Information for young people explaining advocacy and how advocates can help you to get your voice heard.

Mae'r dudalen hon hefyd ar gael yn Gymraeg. This link will take you to a Welsh translation of this page.

What is advocacy for mental health?

We may not always feel like we're being listened to, especially when it comes to getting treatment and support for our mental health.

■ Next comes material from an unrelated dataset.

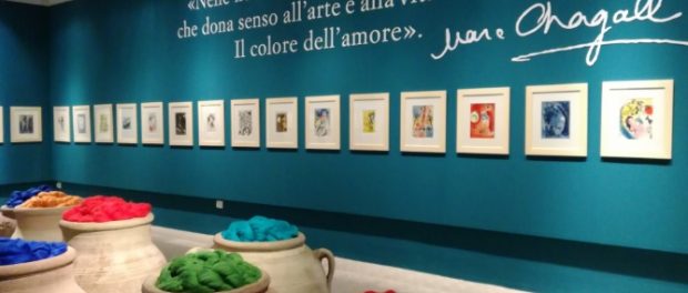 Tra le opere esposte di Chagall un grande olio del 1960, proveniente da collezione privata, dal titolo Les Amoureux sur fond jaune; oltre 100 acqueforti dal ciclo della Bibbia; e la coloratissima e mai prima esposta serie di Litographie I, dove si ripercorre l’evoluzione della poetica di Chagall attraverso i temi più cari all’artista. Di Missoni sono esposti gli studi cromatici e compositivi realizzati a partire dai primi anni 70, i quadri tessili e i suoi celebri Arazzi patchwork di tessuti a maglia tra i quali il più grande da lui creato. Come egli stesso descrive: «…ogni pezzetto va osservato attentamente in quanto ha una sua storia e presi singolarmente hanno una loro vita».

We may need to talk to lots of people, like doctors and therapists, which can feel overwhelming. Especially if we find they don't always listen to our views or involve us in decisions. This can feel really upsetting and frustrating. But this is where advocacy can help.

Advocacy means getting support from another person to help you voice your views and stand up for your rights.

Advocating for yourself

If you already know what an advocate does, you might want to read about advocating for yourself.

I don't think a lot of young people know about advocacy and it's important to be informed about it.

What is an advocate?

Advocates help you speak up about the things that are important to you. Different types of advocates can help you in different ways.

They are independent, which means they don't work for the NHS, local councils or social services.

Young people we spoke to described an advocate as:

  • “Someone who can speak up for you and voice your point of view when you feel like you can't do it yourself.”
  • “Someone who can guide you through a situation by helping you to decide what to do.”
  • “Someone who can represent you and make sure your views are understood.”
  • “They're someone that knows the system better than you and knows what's going on. They're up on medical language and know how to explain what the doctors and nurses are saying in a way that you can understand.”
  • “​Someone who supports you in situations and can speak on your behalf if you want that. It could be emotional support so they can help you articulate how you're feeling.”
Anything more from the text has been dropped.